Recorded information:
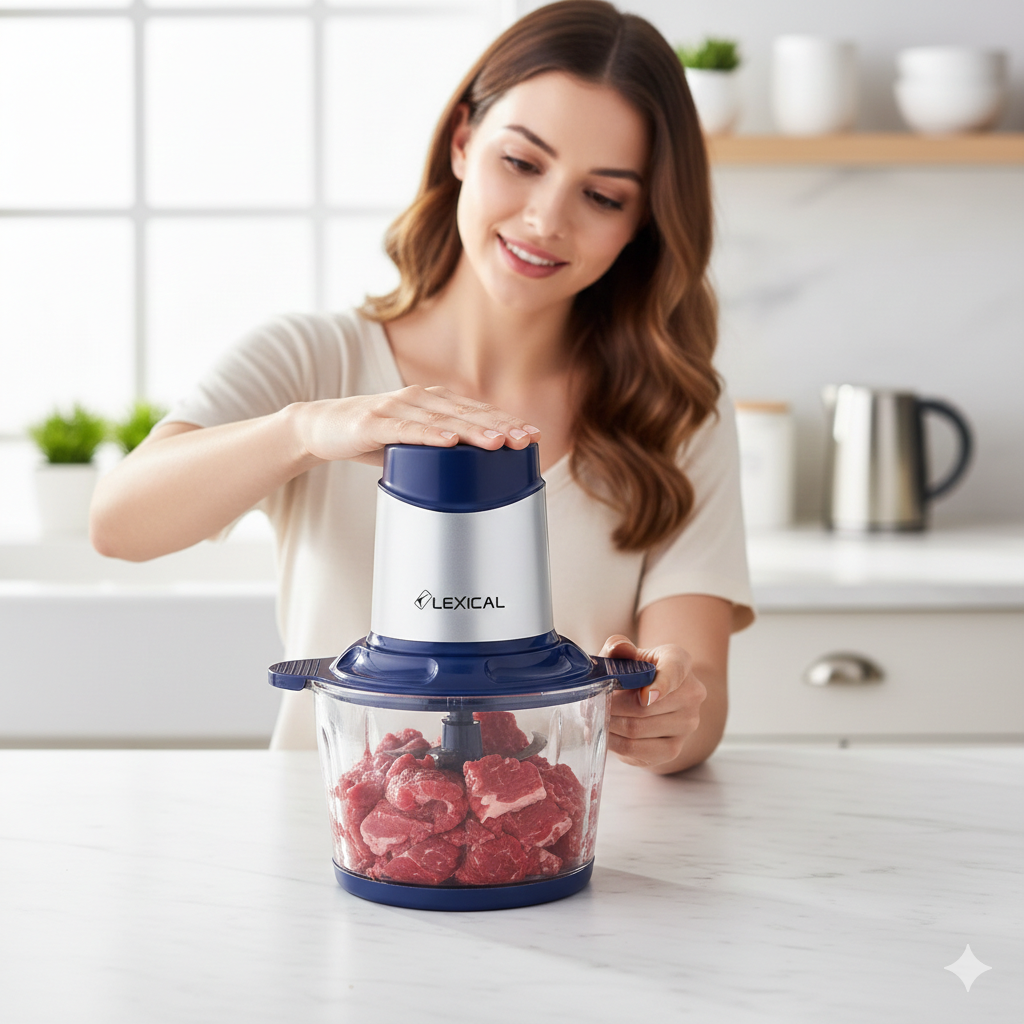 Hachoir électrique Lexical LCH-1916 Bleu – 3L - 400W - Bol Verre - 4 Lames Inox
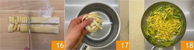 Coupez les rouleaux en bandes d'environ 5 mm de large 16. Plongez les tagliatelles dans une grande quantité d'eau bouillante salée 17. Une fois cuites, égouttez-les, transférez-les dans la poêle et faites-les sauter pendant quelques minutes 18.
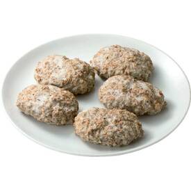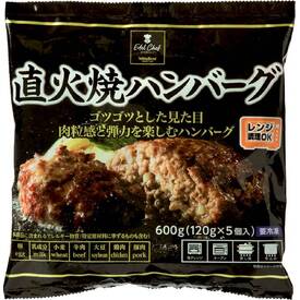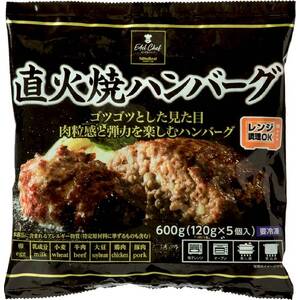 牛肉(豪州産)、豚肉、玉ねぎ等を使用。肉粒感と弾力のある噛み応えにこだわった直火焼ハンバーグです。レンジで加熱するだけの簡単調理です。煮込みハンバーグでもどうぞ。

--

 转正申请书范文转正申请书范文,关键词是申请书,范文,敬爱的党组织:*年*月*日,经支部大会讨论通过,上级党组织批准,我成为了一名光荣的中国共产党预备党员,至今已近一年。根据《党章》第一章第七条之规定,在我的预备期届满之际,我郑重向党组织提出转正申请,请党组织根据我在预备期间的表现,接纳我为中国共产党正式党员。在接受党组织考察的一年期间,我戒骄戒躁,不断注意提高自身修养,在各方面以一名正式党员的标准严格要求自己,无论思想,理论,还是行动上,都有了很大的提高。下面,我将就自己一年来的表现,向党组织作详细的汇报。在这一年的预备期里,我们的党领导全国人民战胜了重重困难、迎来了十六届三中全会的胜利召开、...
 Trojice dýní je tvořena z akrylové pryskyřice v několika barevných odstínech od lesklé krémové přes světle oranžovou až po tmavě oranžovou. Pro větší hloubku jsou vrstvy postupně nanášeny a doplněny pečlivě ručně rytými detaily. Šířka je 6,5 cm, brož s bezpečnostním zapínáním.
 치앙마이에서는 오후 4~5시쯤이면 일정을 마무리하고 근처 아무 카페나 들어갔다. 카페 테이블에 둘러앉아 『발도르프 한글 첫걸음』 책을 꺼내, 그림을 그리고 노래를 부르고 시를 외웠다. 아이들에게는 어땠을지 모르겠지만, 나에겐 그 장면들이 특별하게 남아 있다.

Task to carry out: Starting at the line that contains "Trojice dýní je" and stopping after the line that contains "치앙마이에서는 오후 4~5시쯤이면", write out every line exactly as it appears above, and no other line.

Output of the task:
 Trojice dýní je tvořena z akrylové pryskyřice v několika barevných odstínech od lesklé krémové přes světle oranžovou až po tmavě oranžovou. Pro větší hloubku jsou vrstvy postupně nanášeny a doplněny pečlivě ručně rytými detaily. Šířka je 6,5 cm, brož s bezpečnostním zapínáním.
 치앙마이에서는 오후 4~5시쯤이면 일정을 마무리하고 근처 아무 카페나 들어갔다. 카페 테이블에 둘러앉아 『발도르프 한글 첫걸음』 책을 꺼내, 그림을 그리고 노래를 부르고 시를 외웠다. 아이들에게는 어땠을지 모르겠지만, 나에겐 그 장면들이 특별하게 남아 있다.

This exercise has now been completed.